I also like using SQLIO to not only test but compare disk subsystems to one another. These disk subsystems could eventually host Windows-based Oracle or DB2 databases as well as SQL Server.
· SQLIO can be configured to “emulate” (I’m using this term really loosely) any RDBMS at a low level in that SQLIO can be easily configured to read or write in various block sizes. SQL Server 6.5, anyone? Configure SQLIO to test 2kb blocks. Basic SQL and Oracle testing? Go with 8kb blocks. Want to simulate big-block performance (for backup/restore activities, for example)? Configure for 64kb, 256kb, 1MB, you get the picture….
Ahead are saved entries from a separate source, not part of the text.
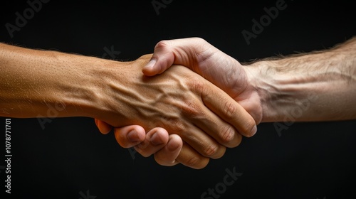 Fototapeta premium Two hands shaking, a gesture of agreement or partnership.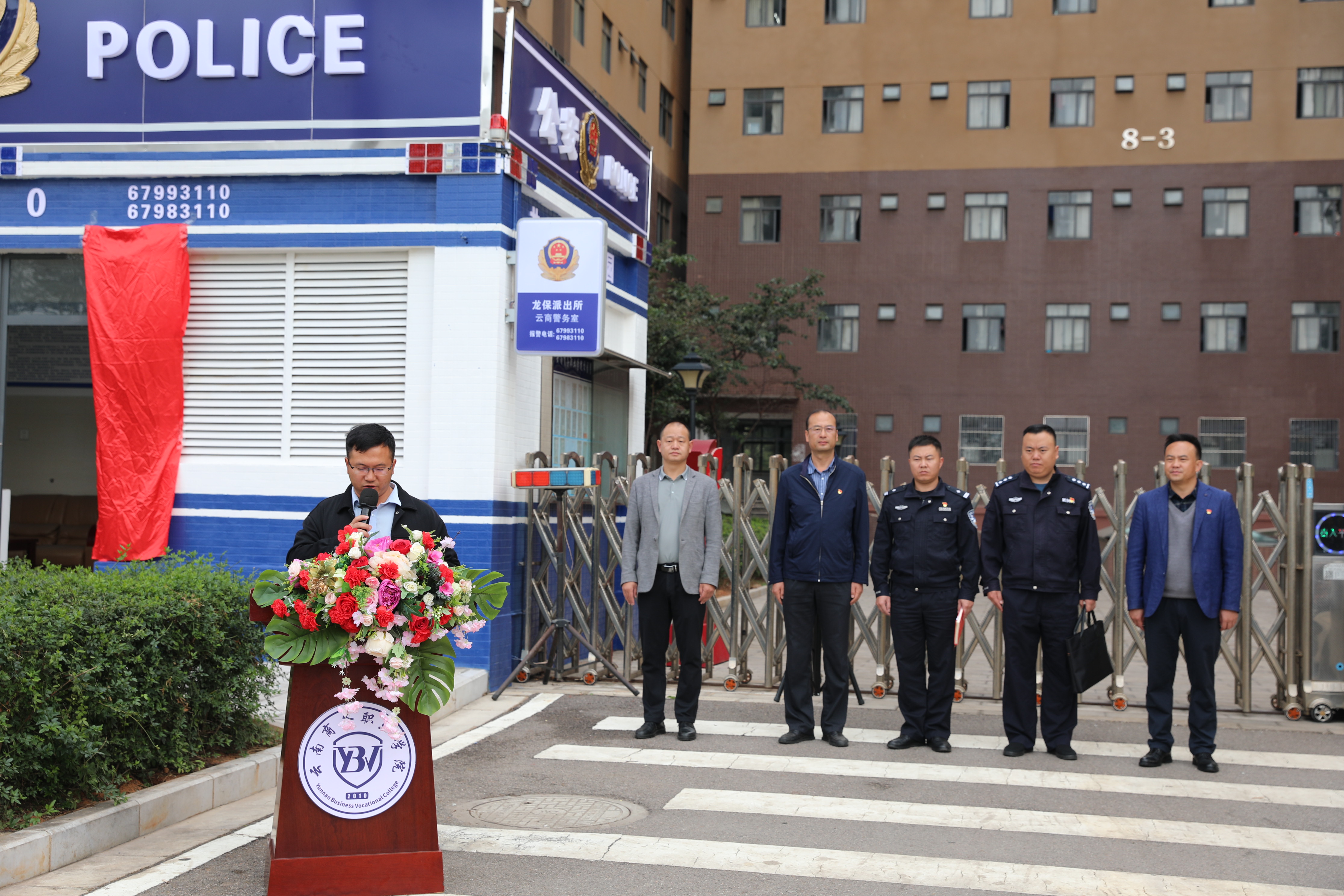 副校長(zhǎng)武紹宏在儀式上致辭,首先向龍保派出所長(zhǎng)期給予云商安全、法制工作的指導(dǎo)、幫助和支持表示誠(chéng)摯的感謝,對(duì)今天蒞臨儀式現(xiàn)場(chǎng)的李曉明副所長(zhǎng)、楊志剛警官表示熱烈的歡迎!他強(qiáng)調(diào)本次儀式舉行的意義和重要性,他指出今天的儀式標(biāo)志著云商在壓降警情、法制教育、安全管理、維護(hù)師生權(quán)益、確保校園安全等安全管理方面邁出了堅(jiān)實(shí)的一步。他對(duì)抓好、抓實(shí)壓降警情及安全管理提出相關(guān)要求,再加強(qiáng)宣傳、再加強(qiáng)管理、再加強(qiáng)聯(lián)動(dòng)。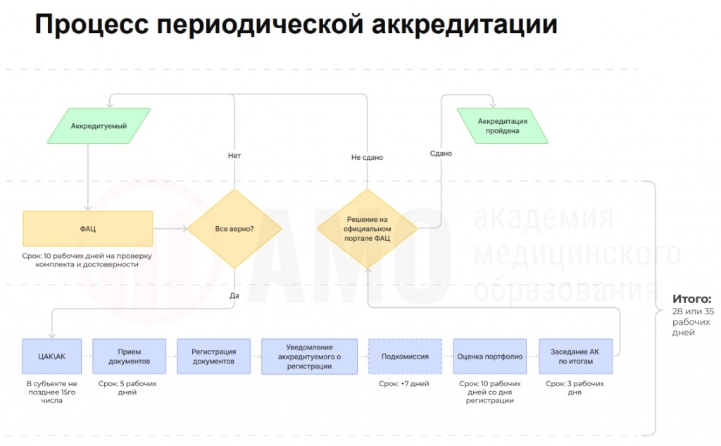 При этом всем работникам сферы здравоохранения стоит учитывать, что процедура Периодической аккредитации по минимальным подсчетам может занимать около 28 дней. Сам Минздрав ранее указал, какое количество времени относится на рассмотрение заявлений, их проверку, изучение. Кроме того, нельзя забывать о различных форс-мажорных ситуациях, которые также могут повлиять на продолжительность процедуры.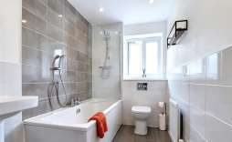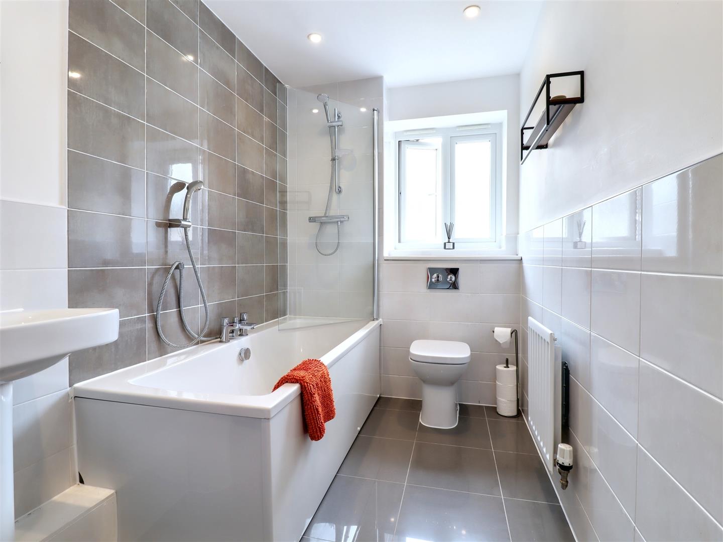 Bathroom - Sealed unit double glazed window, modern bathroom offering panel bath with shower over, partly tiled walls, wash hand basin and wc. Tiled flooring.

· The idea is to quantify what the disks are capable of pushing or supporting at max, knowing that your Oracle, DB2, or SQL databases won’t achieve this number (due to overhead and a whole slew of other factors).
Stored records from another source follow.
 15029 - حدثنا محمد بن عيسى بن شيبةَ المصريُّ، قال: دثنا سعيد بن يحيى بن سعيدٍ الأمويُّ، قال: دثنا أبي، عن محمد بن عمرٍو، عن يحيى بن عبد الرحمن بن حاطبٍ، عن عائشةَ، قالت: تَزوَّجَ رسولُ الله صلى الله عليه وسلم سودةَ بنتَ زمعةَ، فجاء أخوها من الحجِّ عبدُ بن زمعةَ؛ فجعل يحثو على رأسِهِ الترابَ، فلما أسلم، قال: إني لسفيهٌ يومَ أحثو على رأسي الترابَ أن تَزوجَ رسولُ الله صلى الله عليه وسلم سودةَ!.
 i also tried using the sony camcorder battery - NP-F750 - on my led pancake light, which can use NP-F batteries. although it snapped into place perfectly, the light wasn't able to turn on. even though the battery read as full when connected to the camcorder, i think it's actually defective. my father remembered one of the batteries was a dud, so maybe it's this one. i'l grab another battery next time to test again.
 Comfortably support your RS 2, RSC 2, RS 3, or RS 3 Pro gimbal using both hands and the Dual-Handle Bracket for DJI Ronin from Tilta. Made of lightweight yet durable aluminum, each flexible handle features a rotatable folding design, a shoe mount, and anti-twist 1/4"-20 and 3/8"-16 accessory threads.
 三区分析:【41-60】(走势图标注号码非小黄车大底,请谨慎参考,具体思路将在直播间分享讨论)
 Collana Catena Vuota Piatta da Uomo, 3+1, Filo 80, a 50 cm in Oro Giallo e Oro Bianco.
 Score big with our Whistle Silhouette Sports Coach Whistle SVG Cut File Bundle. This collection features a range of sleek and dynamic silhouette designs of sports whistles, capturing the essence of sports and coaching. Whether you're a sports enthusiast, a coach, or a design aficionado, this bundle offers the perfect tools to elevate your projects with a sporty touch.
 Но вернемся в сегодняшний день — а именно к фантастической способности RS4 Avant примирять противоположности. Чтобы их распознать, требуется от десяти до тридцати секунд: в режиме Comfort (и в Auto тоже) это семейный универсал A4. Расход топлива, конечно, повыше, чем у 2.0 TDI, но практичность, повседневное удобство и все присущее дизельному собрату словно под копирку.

· Knowing these maximum numbers will give you the ability to compare disk subsystem changes in an apples-to-apples kind of way. Got a disk controller firmware upgrade coming up? Validate the impact the FW change has (before upgrade vs after upgrade) to get a sense of whether your SQL or Oracle database performance might be impacted.
· Want to compare your how disks hosted on Microsoft Azure or Amazon EC2 (S3, that is) compare to your current SAN configuration? Run SQLIO against them (keeping in mind that you ALSO really need to do other cloud performance and throughput testing out of the scope of this blog posting…).
· Also - and this is hugely important - tests using tools like SQLIO are naturally akin to "smoke testing" tools rather than tools useful for testing online/interactive user performance. Sure, you can change queue depth related to threads (explained in my previous SQLIO post), but this may or may not emulate users well. So when you're looking at your SQLIO test results, think about how those results might reflect hard-running SAP batch processes rather than online SAP users.....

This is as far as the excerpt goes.